§ **Available data**:
▬▬▬▬▬▬▬▬▬▬

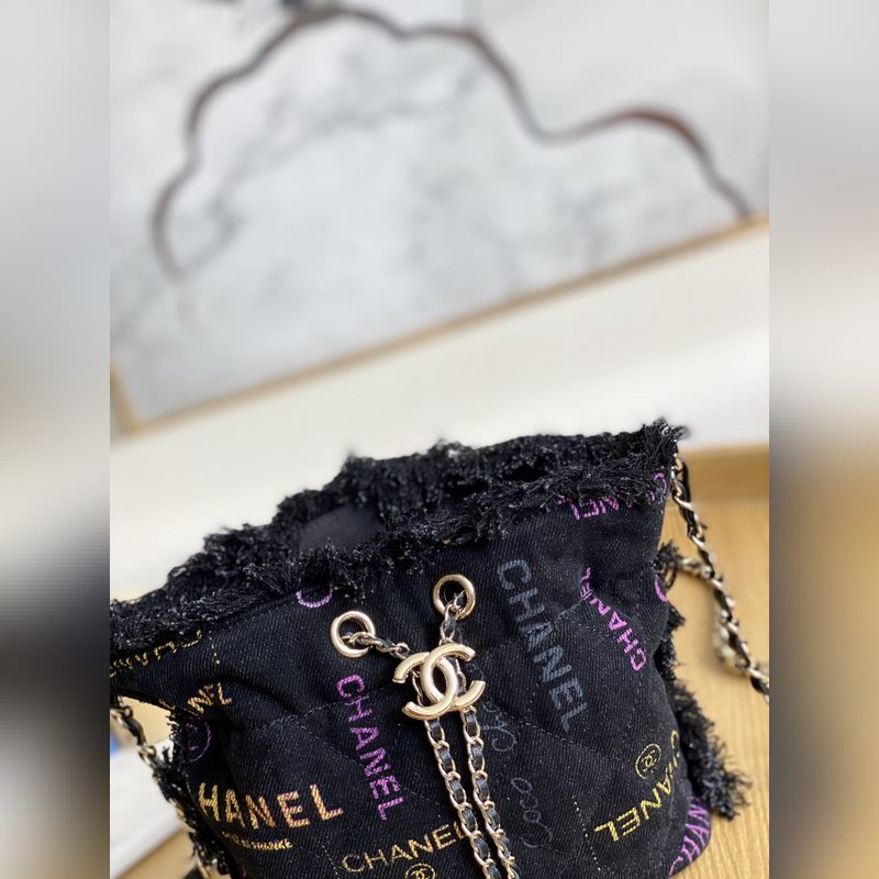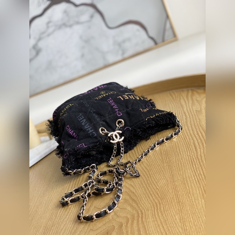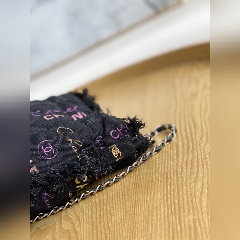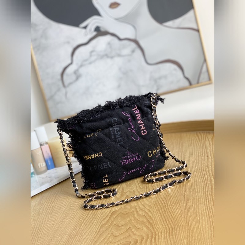Chanel graffiti denim bucket shopping bag in stock, luxurious and shining, 2603 graffiti letters permeate the soul, carbon gray denim is still fashionable, the quality is absolutely excellent, the feel is soft and delicate, this season’s denim bag is destined to be the focus of the audience, we will not avoid any details, display professional terms, detailed descriptions, too many back and forth, market exclusive large size: 11*15*10.049680
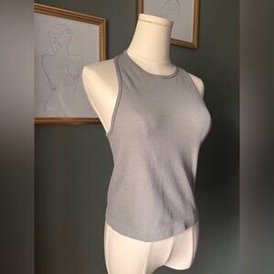 Elevate your wardrobe with this chic gray sleeveless top. Perfect for any occasion, it offers a sleek and modern look.
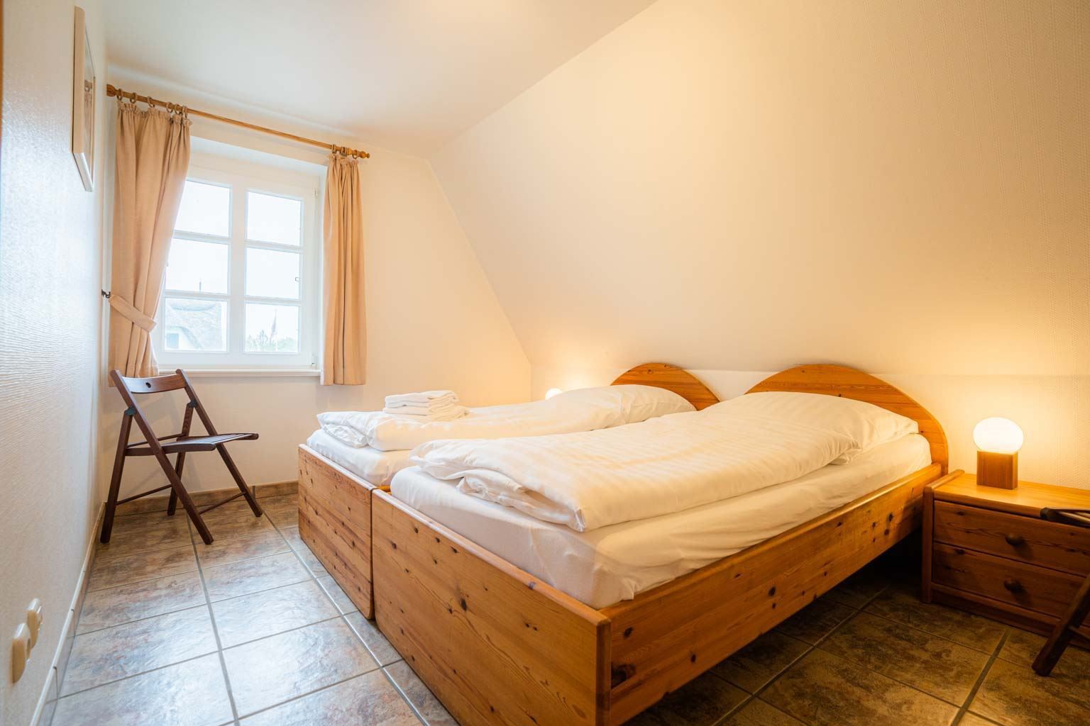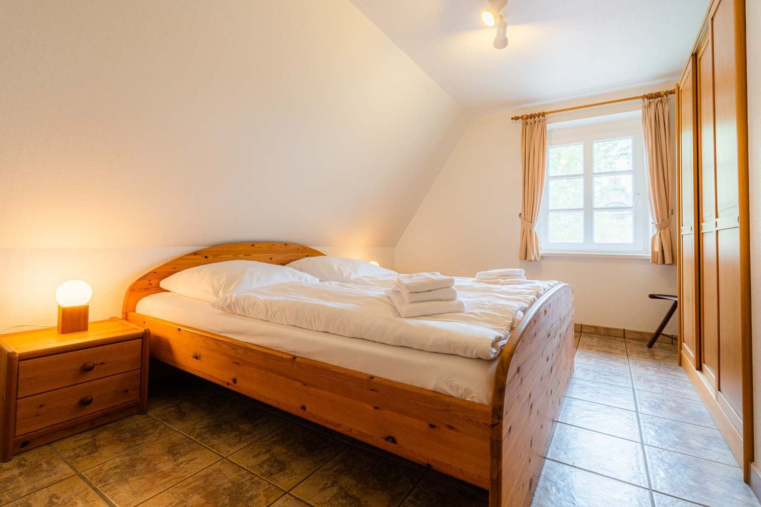 1. Schlafzimmer mit Doppelbett (2x 90x200cm), Kleiderschrank, Sideboard, Spiegel und 2 Stühlen.

▬▬▬▬▬▬▬▬▬▬

§ **Your assignment**:
Will you repeat the material above, but only from the line containing "Elevate your wardrobe" through its last line, exactly and without the pictures?

§ **Output**:
 Elevate your wardrobe with this chic gray sleeveless top. Perfect for any occasion, it offers a sleek and modern look.
 1. Schlafzimmer mit Doppelbett (2x 90x200cm), Kleiderschrank, Sideboard, Spiegel und 2 Stühlen.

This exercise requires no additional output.